Zeitfahrspezialist Lennart Kämna will sich auf dem Weg nach Paris auf den 21 Etappen zeigen, für die Fotografen durfte er sich schon mal im neuen Tour-Outfit des Rennstalls posieren. Dass Bora-Athlet „Emu“ Buchmann in diesem Jahr den Giro und im Herbst die Vuelta der 21-tägigen Frankreich-Rundfahrt, die am 24. Juli traditionsgemäß auf den Champs Elysées enden wird, vorziehen würde, stand schon vorher fest. Der Tour-Vierte von 2019 ist mittlerweile aus dem großen Öffentlichkeits-Focus gefallen. Unverschuldet, zum Teil auch wegen eines frühen Sturzes vor zwei Jahren.

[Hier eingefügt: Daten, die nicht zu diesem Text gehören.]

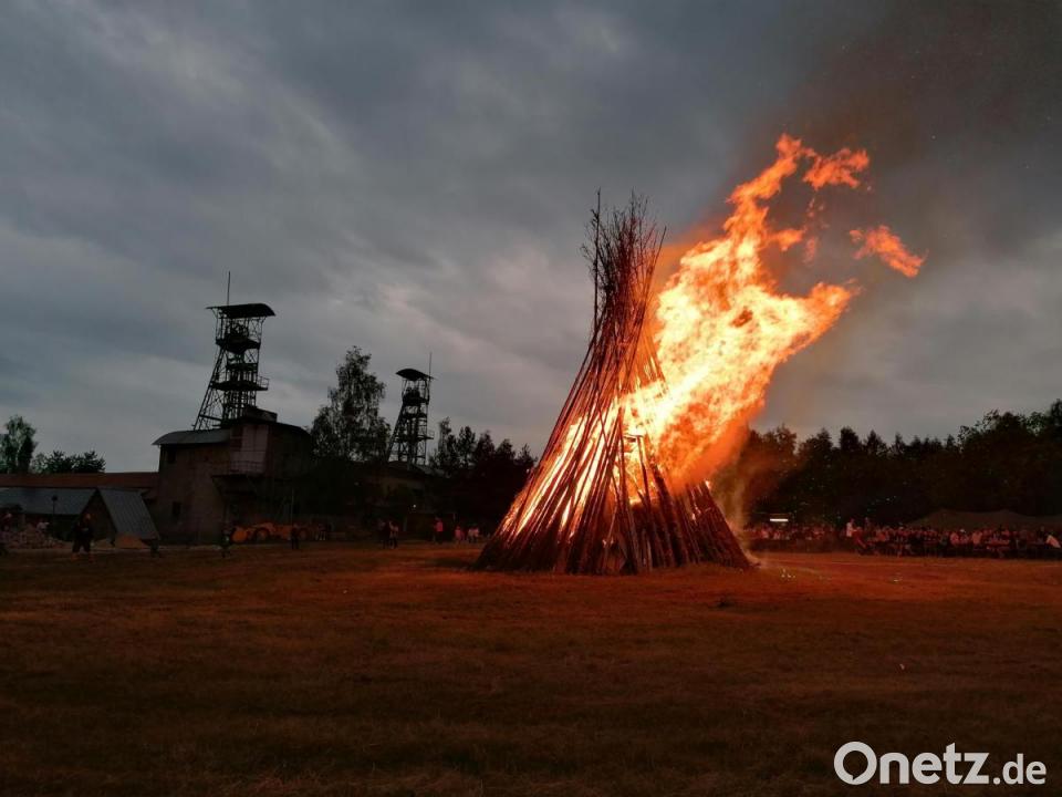 Lodernde Flammen vor Förderturm. Ein Stück Industriegeschichte und das Feuer des Johannisfeuers der KLJB Welluck-Nitzlbuch vereint auf einem Bild.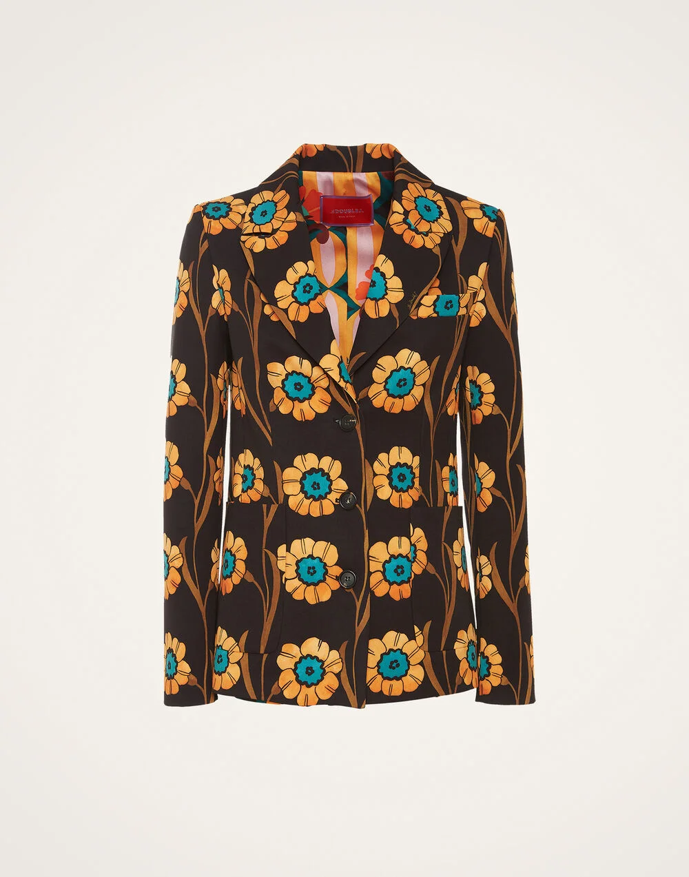 If the next Bond is a woman, she’s wearing this blazer. An updated take on a Seventies silhouette, the 24/7 Jacket has a structured shoulder and slightly tapered waist for a fiercely flattering fit. It’s crafted in smooth and stretchy compact jersey for new levels of comfort and will effortlessly slip over just about anything in your wardrobe in this chic Daisychain on black motif. (Though for next level badassery, feel free to dial things up with the 24/7 Pants to match). Details & Fit - Compact jersey - Structured Shoulder - Large Pockets on the Lapel - Contrast Lining - Faux Horn Buttons - 100% Made in Italy - Composition: 88% Polyester 12% Elastane - The model is 179 cm tall and wears a size S - Garment length: 65cm

Im Klassement werden keine deutschen Fahrer weit vorn erwartet. Weder in der Endabrechnung noch unterwegs auf der Runde, die den Kletterern entgegenkommt. So wie beim Aufstieg hinauf nach L’Alpe d’Huez ausgerechnet am französischen Nationalfeiertag. Das wäre dann eher was für Cofidis-Profi Simon Geschke. Der mittlerweile 36-Jährige würde in einem französischen Rennstall am „quatorze juillet“ (14. Juli) Deutsche und Franzosen gleichermaßen aus dem Sattel reißen, wenn er denn „einen raushaut“. Und wäre am 18. Dezember in Baden-Baden beim „Sportler des Jahres“ ein gern gesehener Gast.
Aber gewiss ist vor dem Start am kommenden Freitag lediglich die Ungewissheit. Die Dänen werden sich zumindest 30 Jahre nach dem unglaublichen EM-Märchen ihrer Urlaubskicker mächtig über die besten Pedaleure der Welt freuen. Über die, die Corona übrig lässt.